+++ Entries provided

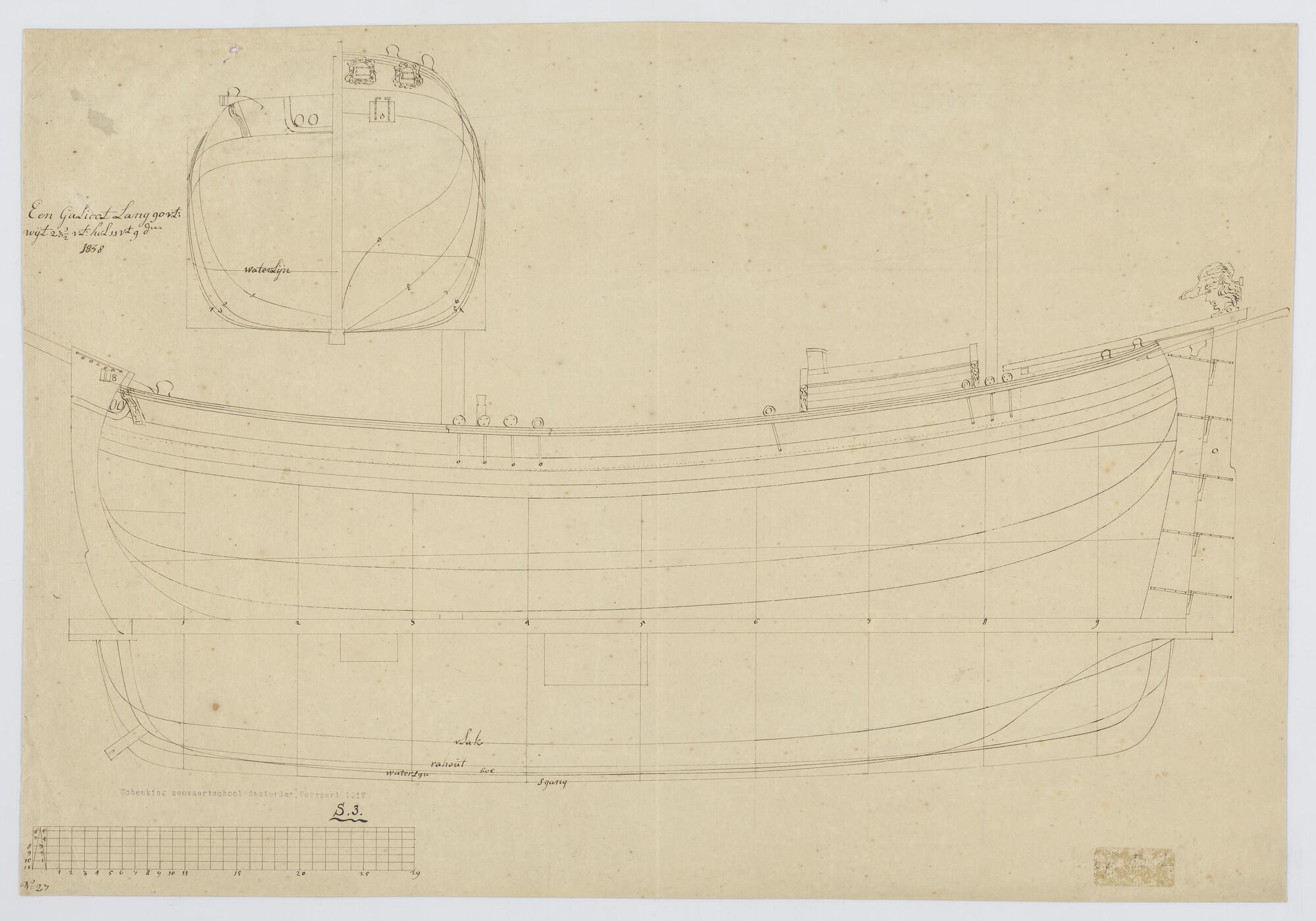 Zijaanzicht, vooraanzicht, achteraanzicht, waterlijnen van een tweemast galjoot, 1838. Lengte 90 voet.
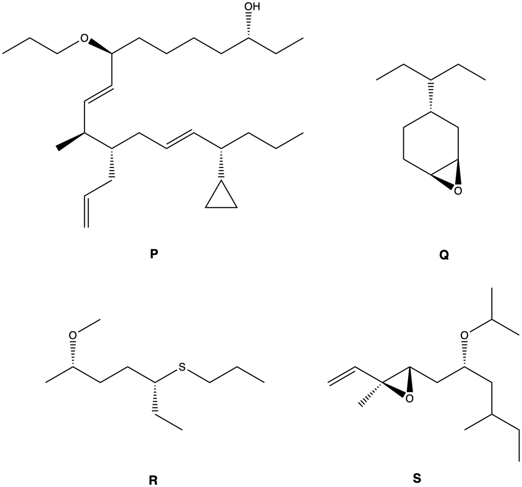 Predire il/i prodotto/i delle reazioni degli alchini 1 – 3 con i reagenti (a) fino a (p) indicando la regiochimica dove appropriato. Si assuma che tutti i reagenti sono in eccesso, se non diversamente indicato.
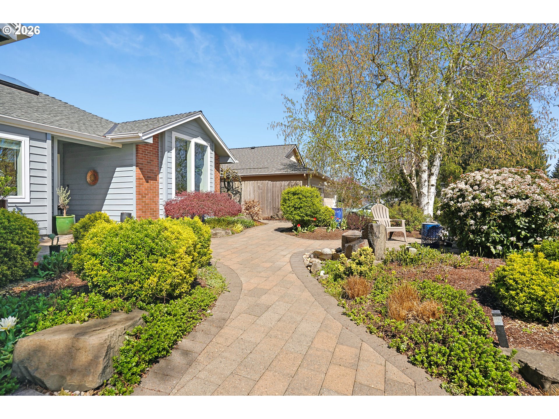 Tucked into a quiet North Keizer cul-de-sac, this well-maintained single-level home offers comfort, updates, and a thoughtfully designed, spacious layout. Vaulted ceilings and skylights bring in natural light, creating a bright, open feel in the front living and dining spaces. Refinished hardwood floors, new carpet, and updated surfaces add a clean, refreshed look.The den features a trendy refinished brick fireplace and built-in storage, adding both warmth and function while being open to the kitchen. Recent improvements include new windows, exterior paint, furnace, water heater, and fencing—providing peace of mind for the next owner.The primary suite is situated in the back of the house for added privacy and includes double door entry, L-shaped vanity with double sinks and built-in shelf storage, and an oversized closet. The third bedroom functions well as an office but is still practical with a built-in Murphy bed. The yard is a true highlight with lush landscaping and vibrant pops of color throughout. Flowering plants create a private, garden-like setting, while a welcoming fountain in the front adds charm and a sense of calm. Hardscaped pathways wrap around the home, making it easy to enjoy every corner of this outdoor space—an inviting oasis for relaxing or entertaining.Located close to schools, shopping, dining, and community events, with easy access to I-5 for commuting north or south. All on one level, this home offers flexibility, comfort, and long-term appeal in one of North Keizer’s most desirable locations.
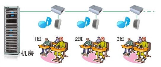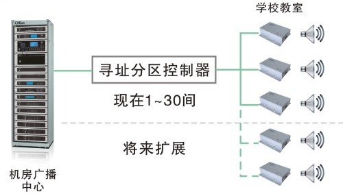 系统通过音频矩阵,可以扩展8*矩阵广播,实现多音源播放,全面满足校园不同区域播放不同内容的要求;8分区的基础
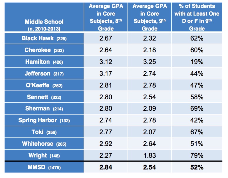“Inconsistency in grading and academic expectations between the middle schools may contribute to difficulty in transitioning to high school. The differences between the feeder middle schools are significant.”
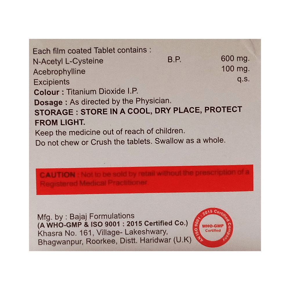 Salt Composition: Acebrophylline (100mg) + Acetylcysteine (600mg)
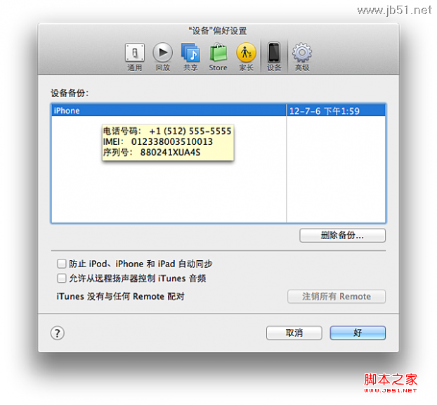 将鼠标置于备份上,以显示已备份设备的序列号。iPhone 和 iPad(Cellular 机型)也会显示 IMEI/MEID 和蜂窝移动数据号码:
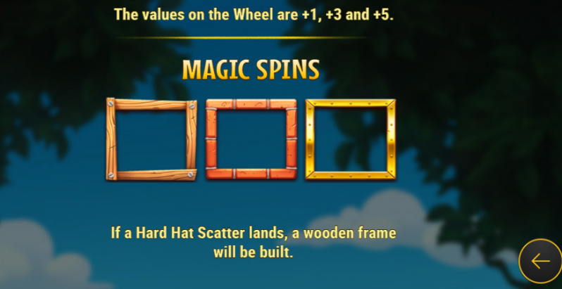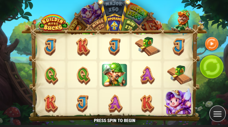 Buildin More Bucks transports you to a lush woodland realm where the reels sit among whispering trees, twinkling lights, and bubbling streams. Instead of hammers and helmets, sprites carry glowing wands and vines that sprout into magical frames. It feels like an enchanted workshop where nature and magic work together:
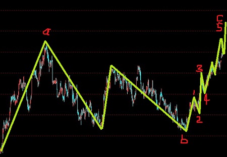 波浪理論圖解B浪走得很亂,無法數清楚,這個C浪已經在C浪5中的延長浪部位來了,也就是說離出場位很近,離反手做空不遠了,眼前最重要的不是這點魚尾,后面的空頭要盯盤,做好中線的準備.

++++++

Set every record down again verbatim, without pictures.

 Zijaanzicht, vooraanzicht, achteraanzicht, waterlijnen van een tweemast galjoot, 1838. Lengte 90 voet.
 Predire il/i prodotto/i delle reazioni degli alchini 1 – 3 con i reagenti (a) fino a (p) indicando la regiochimica dove appropriato. Si assuma che tutti i reagenti sono in eccesso, se non diversamente indicato.
 Tucked into a quiet North Keizer cul-de-sac, this well-maintained single-level home offers comfort, updates, and a thoughtfully designed, spacious layout. Vaulted ceilings and skylights bring in natural light, creating a bright, open feel in the front living and dining spaces. Refinished hardwood floors, new carpet, and updated surfaces add a clean, refreshed look.The den features a trendy refinished brick fireplace and built-in storage, adding both warmth and function while being open to the kitchen. Recent improvements include new windows, exterior paint, furnace, water heater, and fencing—providing peace of mind for the next owner.The primary suite is situated in the back of the house for added privacy and includes double door entry, L-shaped vanity with double sinks and built-in shelf storage, and an oversized closet. The third bedroom functions well as an office but is still practical with a built-in Murphy bed. The yard is a true highlight with lush landscaping and vibrant pops of color throughout. Flowering plants create a private, garden-like setting, while a welcoming fountain in the front adds charm and a sense of calm. Hardscaped pathways wrap around the home, making it easy to enjoy every corner of this outdoor space—an inviting oasis for relaxing or entertaining.Located close to schools, shopping, dining, and community events, with easy access to I-5 for commuting north or south. All on one level, this home offers flexibility, comfort, and long-term appeal in one of North Keizer’s most desirable locations.
 系统通过音频矩阵,可以扩展8*矩阵广播,实现多音源播放,全面满足校园不同区域播放不同内容的要求;8分区的基础
“Inconsistency in grading and academic expectations between the middle schools may contribute to difficulty in transitioning to high school. The differences between the feeder middle schools are significant.”
 Salt Composition: Acebrophylline (100mg) + Acetylcysteine (600mg)
 将鼠标置于备份上,以显示已备份设备的序列号。iPhone 和 iPad(Cellular 机型)也会显示 IMEI/MEID 和蜂窝移动数据号码:
 Buildin More Bucks transports you to a lush woodland realm where the reels sit among whispering trees, twinkling lights, and bubbling streams. Instead of hammers and helmets, sprites carry glowing wands and vines that sprout into magical frames. It feels like an enchanted workshop where nature and magic work together:
 波浪理論圖解B浪走得很亂,無法數清楚,這個C浪已經在C浪5中的延長浪部位來了,也就是說離出場位很近,離反手做空不遠了,眼前最重要的不是這點魚尾,后面的空頭要盯盤,做好中線的準備.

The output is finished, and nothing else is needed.